Servais wins 1st game, and players' respect

April 6th, 2016

ARLINGTON -- Scott Servais won his first game as a big league manager in the Mariners' 10-2 victory over the Rangers on Tuesday night. But more importantly, he won the respect of his players as well after jumping to their defense in an eighth-inning shouting match with Texas skipper Jeff Banister.
Servais leaped from the dugout and exchanged some choice words across the diamond after Rangers reliever Tom Wilhelmsen -- traded by Seattle to Texas over the winter -- drilled catcher Chris Iannetta in the thigh with a fastball after the Mariners had ripped four straight extra-base hits for four runs off him in his season debut.
"You want your manager to have fire," said Robinson Cano. "That's good. He gets fired up and protecting his guys. That's what you want, a manager that protects you. You don't want a manager who doesn't take care of his players. He's one of those and I'm glad I'm playing for him now."
The Mariners haven't been a team known to play with tremendous fire in recent years, but Iannetta barked long and loud at Wilhelmsen as he walked to first base and Servais immediately joined in as players came out of the dugout.
"It's baseball. We'll leave it at that," said Servais, a former big league catcher who served as the Rangers' farm director for six years before working in the Angels' front office the past four. "We're going to play Texas a lot this year. We certainly know they won the division last year and we have to bring our 'A' game every night. But I was really happy with the way our guys played tonight."
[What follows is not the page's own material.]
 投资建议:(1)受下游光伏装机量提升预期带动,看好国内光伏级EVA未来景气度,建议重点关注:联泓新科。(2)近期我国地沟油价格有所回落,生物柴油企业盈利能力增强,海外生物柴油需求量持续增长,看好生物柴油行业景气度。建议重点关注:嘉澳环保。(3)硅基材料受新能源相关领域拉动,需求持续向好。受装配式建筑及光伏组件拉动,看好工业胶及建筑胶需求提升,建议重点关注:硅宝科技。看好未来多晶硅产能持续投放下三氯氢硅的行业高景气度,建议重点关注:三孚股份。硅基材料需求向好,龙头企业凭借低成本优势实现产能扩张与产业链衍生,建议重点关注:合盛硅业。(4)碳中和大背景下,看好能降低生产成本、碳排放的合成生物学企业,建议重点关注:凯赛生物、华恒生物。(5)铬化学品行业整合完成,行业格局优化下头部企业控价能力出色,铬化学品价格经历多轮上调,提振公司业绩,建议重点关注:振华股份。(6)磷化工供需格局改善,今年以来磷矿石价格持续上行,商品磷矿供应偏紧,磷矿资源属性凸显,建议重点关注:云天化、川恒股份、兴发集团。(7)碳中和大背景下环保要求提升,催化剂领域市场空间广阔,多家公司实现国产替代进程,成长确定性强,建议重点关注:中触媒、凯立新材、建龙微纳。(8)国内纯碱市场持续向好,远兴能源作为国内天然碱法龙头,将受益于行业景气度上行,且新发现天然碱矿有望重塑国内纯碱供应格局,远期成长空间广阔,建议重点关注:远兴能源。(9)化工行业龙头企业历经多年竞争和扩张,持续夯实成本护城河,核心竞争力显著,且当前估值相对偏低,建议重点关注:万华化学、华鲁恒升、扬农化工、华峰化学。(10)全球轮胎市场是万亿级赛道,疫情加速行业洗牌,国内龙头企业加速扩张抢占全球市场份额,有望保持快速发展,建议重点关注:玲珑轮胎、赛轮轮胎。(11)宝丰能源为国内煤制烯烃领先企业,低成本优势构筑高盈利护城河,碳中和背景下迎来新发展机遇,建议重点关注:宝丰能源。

"It was nice to see him fired up," said Nelson Cruz, who homered and doubled in the win. "He showed us he's got our backs. In a situation we needed him, he stepped up."
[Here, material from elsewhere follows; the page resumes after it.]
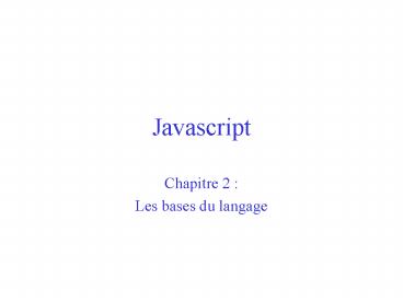 Chapitre 2 Les bases du langage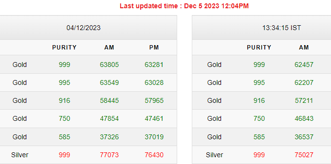 | सोना (प्रति 10 ग्राम) | 999 | 63281 | 62457 | 824 रुपये सस्ता |

Said Iannetta: "Every one of us are going to pull for each other. Every one of us are going to stand up for each other. That's just the way this team is. It's part of building chemistry and that's something that started in spring and obviously it's going to continue through the year."

Servais has been pushing that chemistry from the first day of camp, looking for ways to get the players to bond personally so they will have each other's backs on the field. 
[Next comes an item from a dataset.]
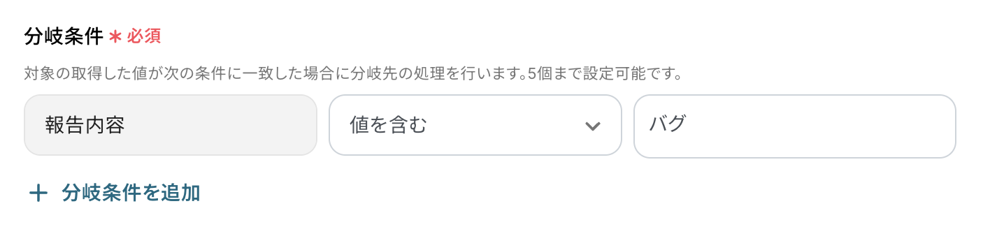 3.分岐条件を「報告内容にバグという値を含む場合」に設定します。
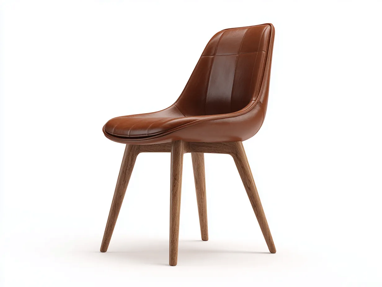 La seduta è rivestita in pelle sintetica di colore marrone, con cuciture visibili che valorizzano la superficie. La struttura portante e le gambe sono realizzate in legno, lavorato per assicurare stabilità e una finitura naturale uniforme.

"If we want to get to where we want to go, it's going to take everybody … myself, coaching staff, players," Servais said. "And I've said it from the day I got the job, it's OK to show emotion once in a while. It's a serious game and you want to take it seriously. There's a lot of guys livelihood at stake. But it's time to get after it. Obviously there are some things that went back and forth tonight, but it's part of the game."
And to get his first managerial win in such a wacky night?
"Why wouldn't it happen that way?" Servais said with a laugh. "I'm excited. It's a thrill, obviously, to get the opportunity to manage and lead this club. And along the way, we were going to win a game. ... But the way we responded tonight and the guys out of the bullpen did a nice job, that's what it's going to take. It's going to take a total team effort, and that's what the good teams have."